The Bank of England has set up a financial policy committee, which is just starting the arduous task of sorting out which principles it should follow and which policy buttons it can push. In a paper out today, it sets out its options. It starts by discussing the potential flaws in financial markets such as

incentive distortions which can, for example, arise from contracts that reward short-term performance excessively

informational distortions such as those linked to buyers doubting the quality of assets (adverse selection) or less than fully rational processing of information

co-ordination problems, where collective action, for example to step away from lending in a boom, may be in the interests of individual banks but there is no way to co-ordinate on this outcome

As the paper points out (and as Hyman Minsky famously noticed) there is a tendency for banks to get overexposed to risk in the upswing of a credit cycle. After all, it is the banks that are driving the cycle. As they become more confident about lending against assets, more funds are available to investors/speculators and asset prices rise, increasing the confidence of all involved. As a proportion of GDP, commercial lending to real estate doubled between 2002 and 2008. In the UK banking system, leverage (as measured by total assets to shareholders’ claims) increased from 20:1 to 50:1 within a decade. Both measures ought to have caused alarm but nothing was done.
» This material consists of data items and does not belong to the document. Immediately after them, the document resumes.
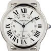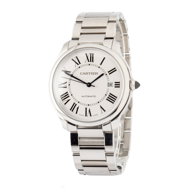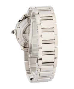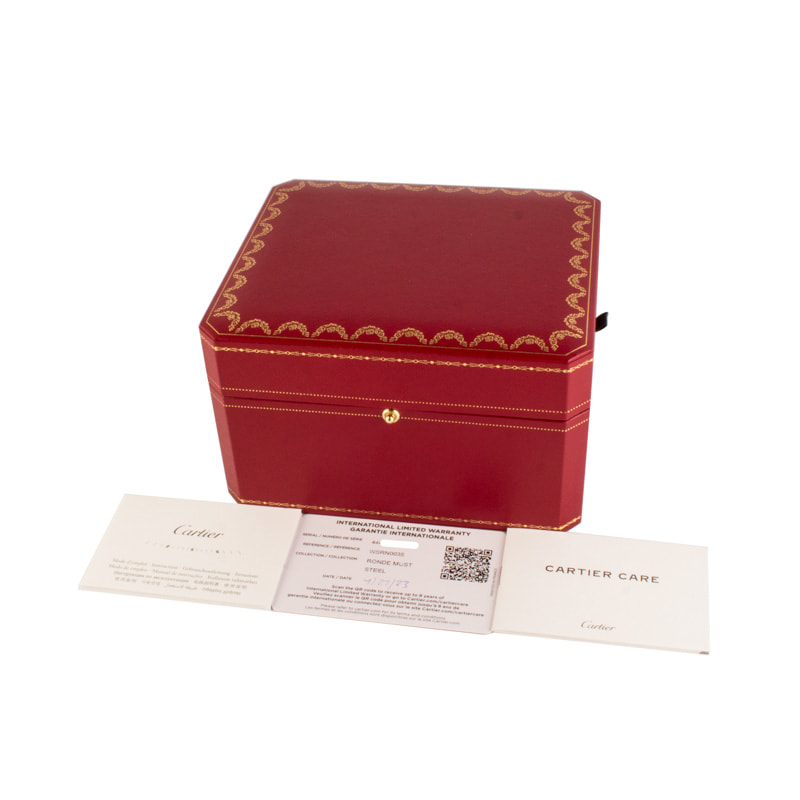 Ronde Must de Cartier ref WSRN0035 (2023) combines classic Cartier design with modern functionality. This 40mm timepiece features a steel case with a beaded crown set with a synthetic cabochon-shaped spinel, a sandblasted silver dial, and blued-steel sword-shaped hands under a scratch-resistant sapphire crystal. Powered by Cartier’s automatic Caliber 1847 MC, it comes with a steel strap equipped with an interchangeability system for versatile wear. Measuring 9.62mm in thickness and water-resistant to 3 bar (30 meters / 100 feet), this Ronde Must de Cartier balances elegance and practicality.
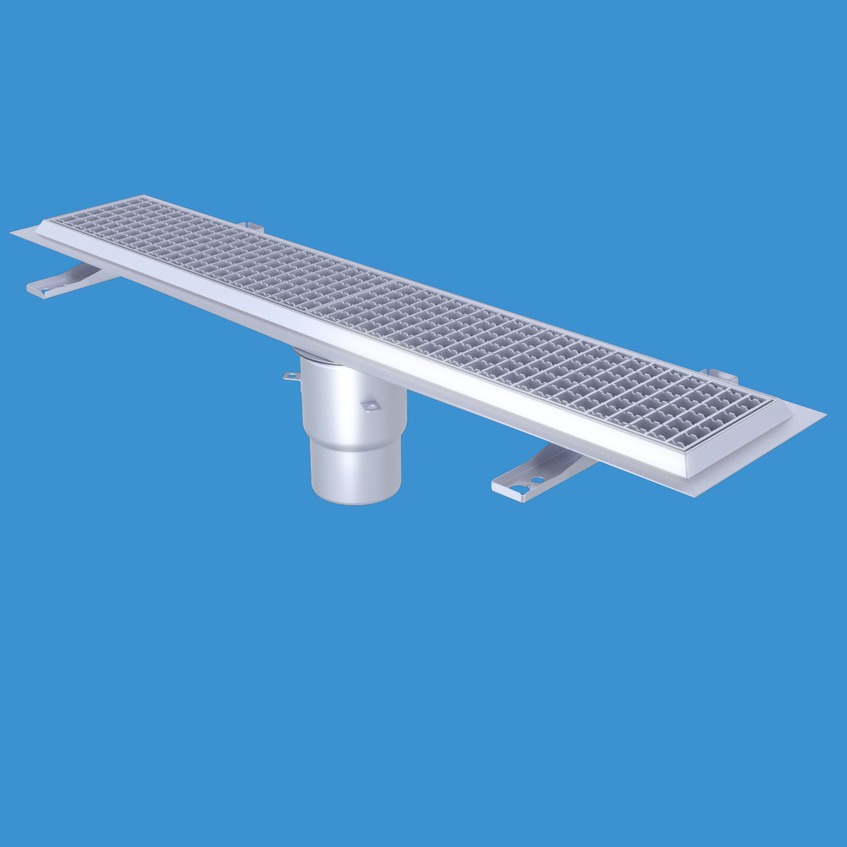 FURO 115 för bl.a. storkök och industri med lättare belastningar. Av syrafast rostfritt stål med bottenutlopp Ø110 mm, fyrkantöverdel med galler L15 dim. 1000x150 mm. För massagolv. Komplettera ev. med silkorg 7119548.
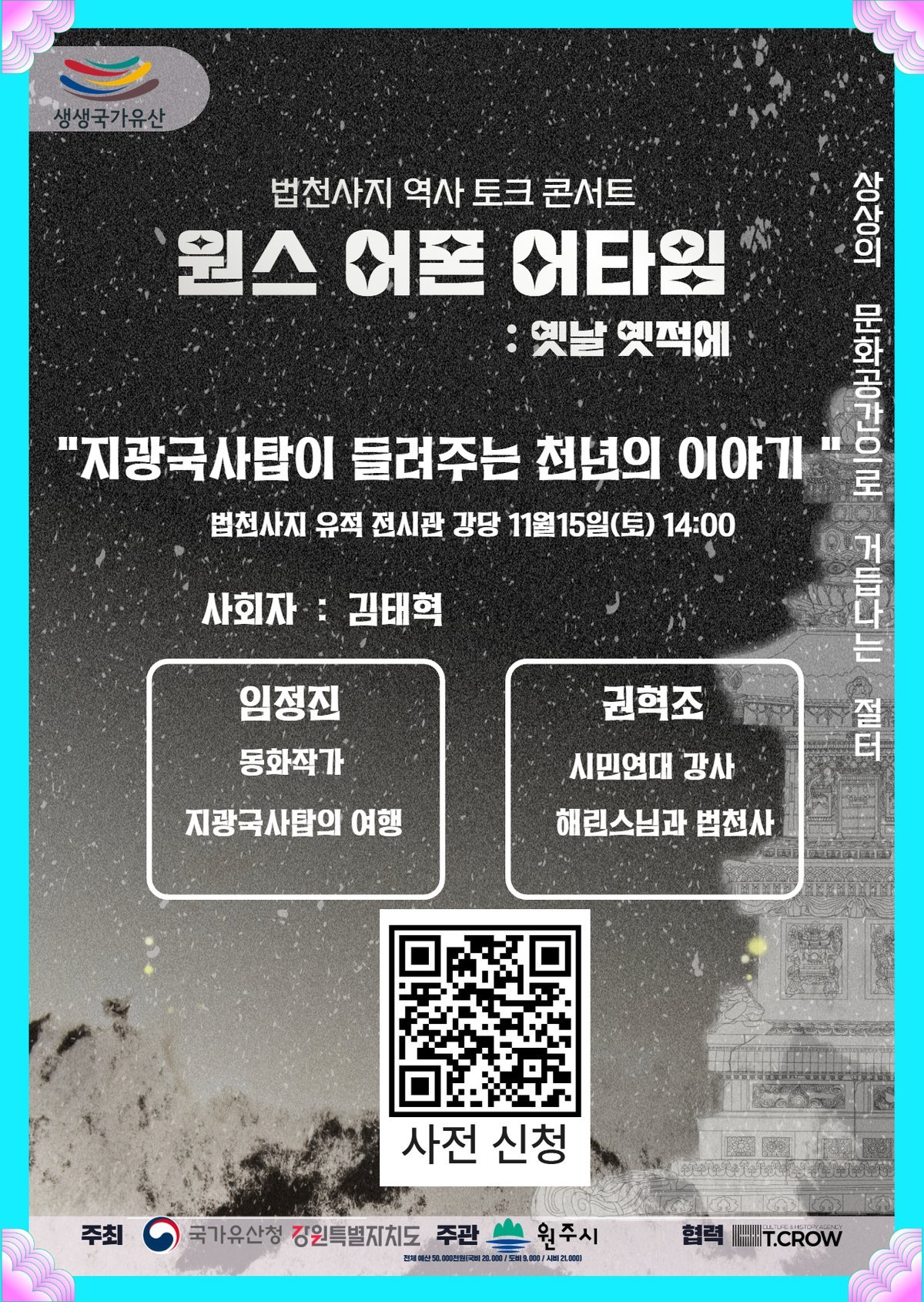 원주시역사박물관은 오는 15일 오후 2시, 법천사지 유적전시관에서 ‘법천사지 역사 토크 콘서트’를 개최한다.박물관은 국가유산청의 ‘생생 국가유산 사업’공모에 선정돼, 지역 국가유산인 법천사지·거돈사지·법천사지 지광국사탑·법천사지 지광국사탑비·거돈사지 삼층석탑·거돈사지 원공국사탑비 등을 활용한 다양한 프로그램을 운영하고 있다.이 사업의 일환으로 11월 15일 열리는 이번 토크 콘서트에서는 시민연대 강사, 동화 작가, 지역 주민, 참여자들이 모여 법천사지의 역사·문화에 대해 알아보고 토의하는 시간을 가질 예정이다.사전 예약은 시 홈페이지 등에 게시된 안내문의 큐알코드를 통해 신청할 수 있다.김영언 박물관장은 “원주의 대표적인 폐사지 법천사지에서 펼쳐지는 역사 토크 콘서트를 통해 많은 사람이 대표적인 국가유산인 법천사지에 대해 알게 되는 계기가 되길 기대한다”고 말했다. -
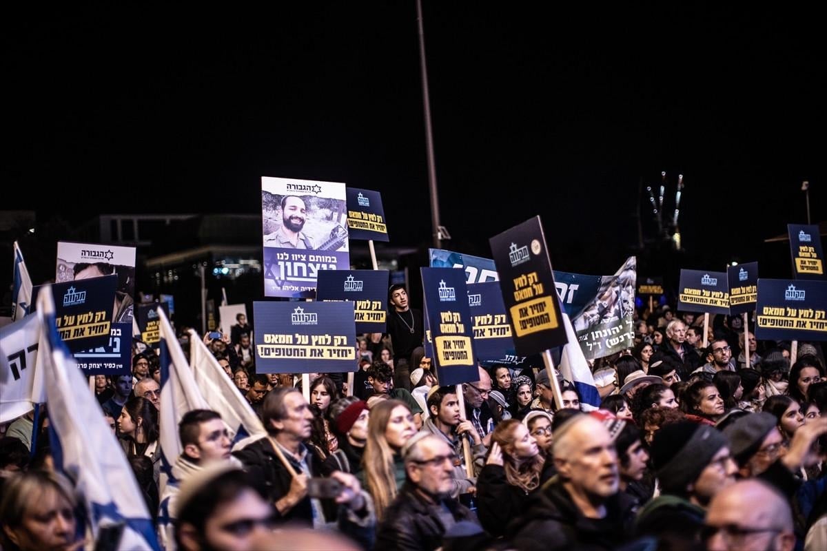 Hamas ile İsrail arasında Gazze'de bir ateşkes ve karşılıklı esir takasını öngören bir anlaşmaya karşı çıkan göstericiler, "Sadece Hamas'ın üzerinde askeri baskı esirleri getirebilir", "Netanyahu seninleyiz, git kazan", "Hamas'a yakıt yok", yazılı dövizler, afişler, İsrail bayrakları, İsrail ordusunun Gazze'deki kara işgali sırasında hayatını kaybeden askerlerin resimlerini taşıdı.
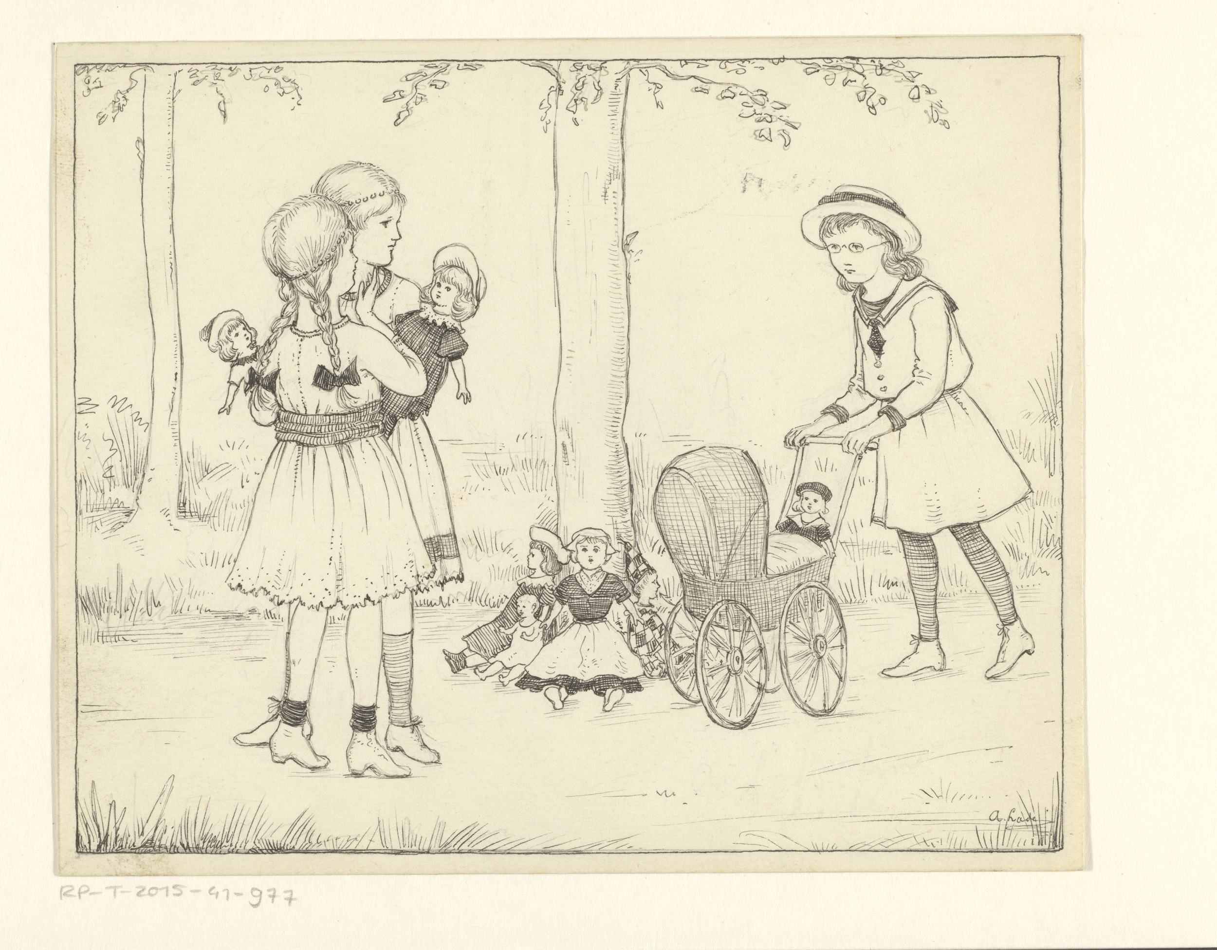 Drie meisjes met poppen op een pad

There is little new in this, as the paper recognizes. Credit cycles have nearly always been marked by lending against property. But property is an illiquid market and prices fall very sharply when the balance of supply and demand shifts, often wiping out of all of a bank’s collateral. Meanwhile, the duration of bank funding was steadily falling, from an average maturity of 10 years in the early 1980s to four years by 2008 (the US followed a similar trajectory). This left the banks very vulnerable to a run on liquidity.

The FPC says the authorities have, in principle, three types of measure to deal with these risks.

those that affect the balance sheets of financial institutions

those that affect the terms and conditions of loans and other financial transactions

those that influence market structures

For example, balance sheet measures include maximum leverage ratios and liquidity buffers; the second group includes caps on loan-to-value ratios and minimum margins; the third includes requirements for disclosure to reduce uncertainty about the market exposure of individual banks, but also the use of central counterparties to clear trades.

The paper then conducts an excellent and clear-eyed assessment of the pros and cons of these measures, without coming to any definite conclusion (the paper is part of a consultation process). What is clear is that the authorities cannot rely on just one or two measures, esepcially given the proved willingness of banks to game the system. Of course, the authorities cannot prevent all future financial crises, but they can still be a lot more alert than they were in the early 2000s. The paper shows the FPC is making a good start.